En su estrategia de neutralización, Podemos ha intentado dar al patriotismo un nuevo significado, pero sin éxito. De modo que Iglesias ha efectuado todo tipo de quiebros dialécticos para sacar su rédito. Incidiendo en esa línea, asegura que «la patria es lo contrario a un corrupto envuelto en una bandera o a una sede financiada en negro, tapada con una bandera». En otras oportunidades también ha tratado de definir la patria de forma aún más estrambótica.

Significativamente, el último remache del ataúd de Podemos ha sido el “proceso” en Cataluña, destinado a catapultar a la extrema izquierda al poder, pero que ha supuesto justamente lo contrario. Tiene algo de justicia poética el que haya sido una cuestión relacionada con la unidad de España la que haya precipitado la caída de Podemos y del Partido Popular, su contraparte en el guiñol de la política española.

Sin rédito electoral

El rechazo del patriotismo por parte de Podemos, se asienta en un análisis realista de la formación ultraizquierdista: seguros del antiespañolismo esencial de la izquierda en muchas regiones de España, calcularon con acierto que el escaso patriotismo de la izquierda del resto del país jamás compensaría la pérdida que supondría su ausencia en Cataluña, País Vasco y Galicia.
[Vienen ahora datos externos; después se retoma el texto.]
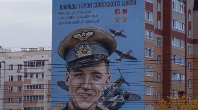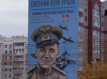 Портрет лётчика Евгения Кунгурцева появился на фасаде дома на одноимённой улице в Ижевске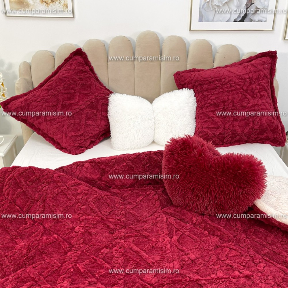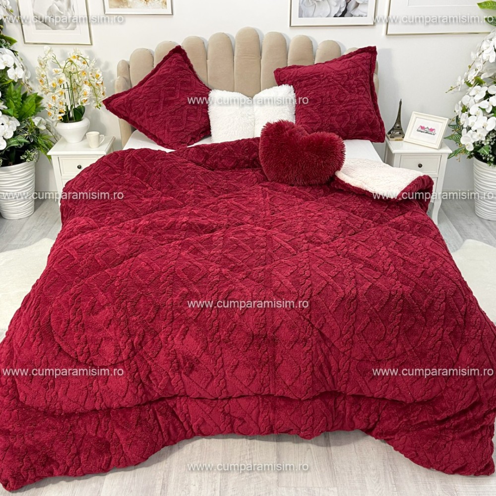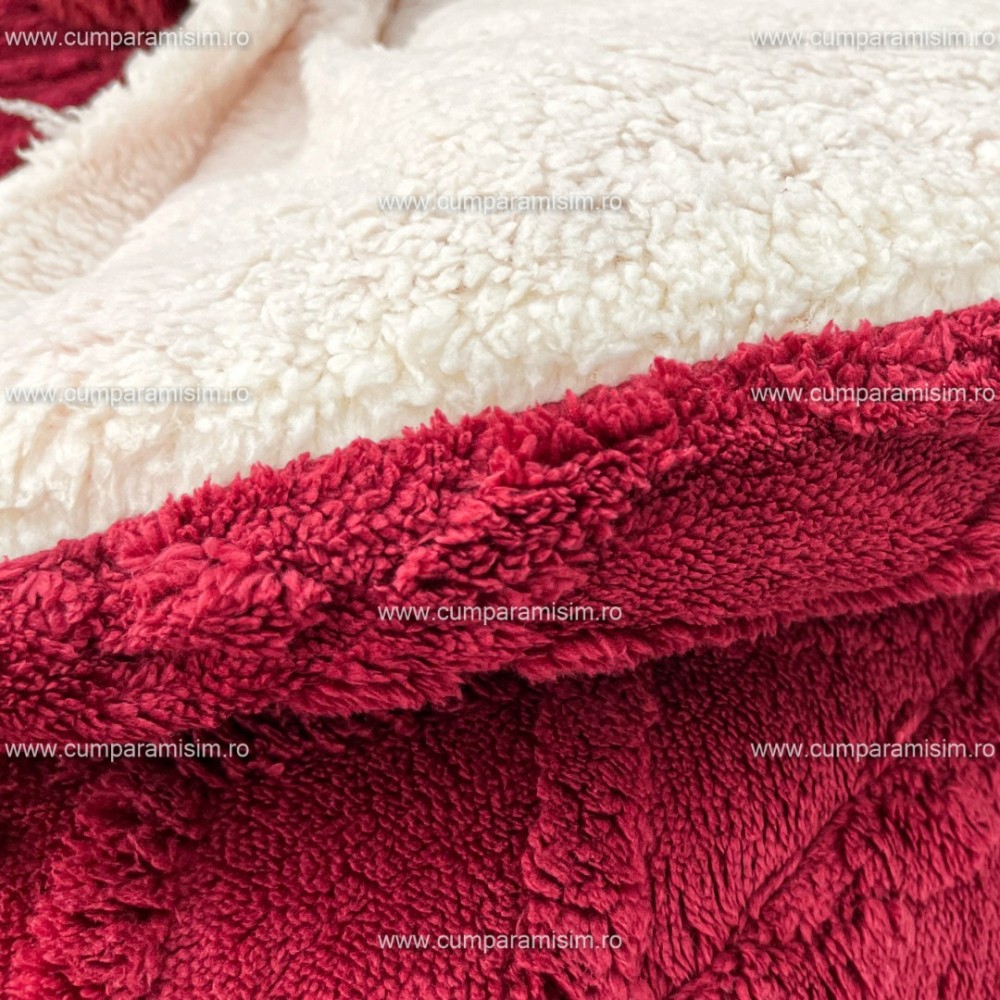 Pilota CoCoLiNo Sherpa tip Tricotaj cu blanita, matlasata, 200x230cm, visiniu, cod produs: YOP109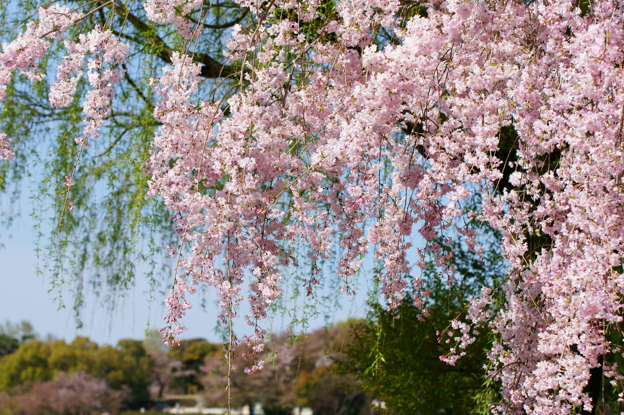 公園の池のほとりに華やかな枝垂れ桜が満開になっていました。私のお気に入りの場所です。

Quiso arreglarlo: La izquierda entiende el amor por la diversidad porque España es mucho más que la institucionalidad de Madrid”, pero cosas así no se terminan de traducir en términos electorales. La clientela podemita en las llamadas “autonomías históricas” o es nacionalista – y en ocasiones, muy radical – o ve el nacionalismo con benevolencia, desde una izquierda extrema cuyo nexo entre autonomías no es otro que la hispanofobia.

Pero esta también tiene sus límites, y hoy parece claro que Podemos pierde a buena velocidad apoyos entre un electorado para el que lo esencial son las cuestiones sociales pero que no está dispuesto a renegar de su identidad. Por eso, Podemos pierde cada vez más voto no ideologizado, replegándose hacia las cifras que en España ha tenido siempre la extrema izquierda.

Para ello inventó – no es broma – un “patriotismo republicano plurinacional” que oponer a los que “se envuelven en banderas para tapar los privilegios de la élite”. Insistiendo en esta misma idea, Pablo Iglesias ha declarado recientemente que “soy patriota, y nadie con cuentas en Suiza me da a dar lecciones de lo que es ser español”.

Una deriva desafortunada

Al poco de su primer éxito electoral, el líder radical comenzó a elaborar un discurso prometedor, en el que incluyó algunas reflexiones plausibles: “Claro que me siento español, y entiendo que hay que arrebatar el término a los patriotas de pulserita rojigualda que luego venden la soberanía y cierran escuelas y hospitales”.

Sin entrar en el sentimiento de españolidad que reclama para sí, lo cierto es que, si se ha empleado a fondo contra la pulserita, del soberanismo no hay ni rastro. De hecho, apenas nadie identificaría hoy a Podemos con una fuerza soberanista, lógico corolario de negar la soberanía nacional del pueblo español, como ha mostrado ante el desafío secesionista catalán.

Parece claro que, quien no defiende la soberanía hacia dentro, mal la puede defender hacia fuera. Por otro lado, sus bien conocidas connivencias con algunos de los principales agentes globalizadores impiden considerar con una mínima seriedad la posibilidad de que Podemos sea una fuerza dotada de un mínimo patriotismo.

Algo que, a fuer de ser sinceros, cada vez parece más extensible al conjunto de fuerzas políticas.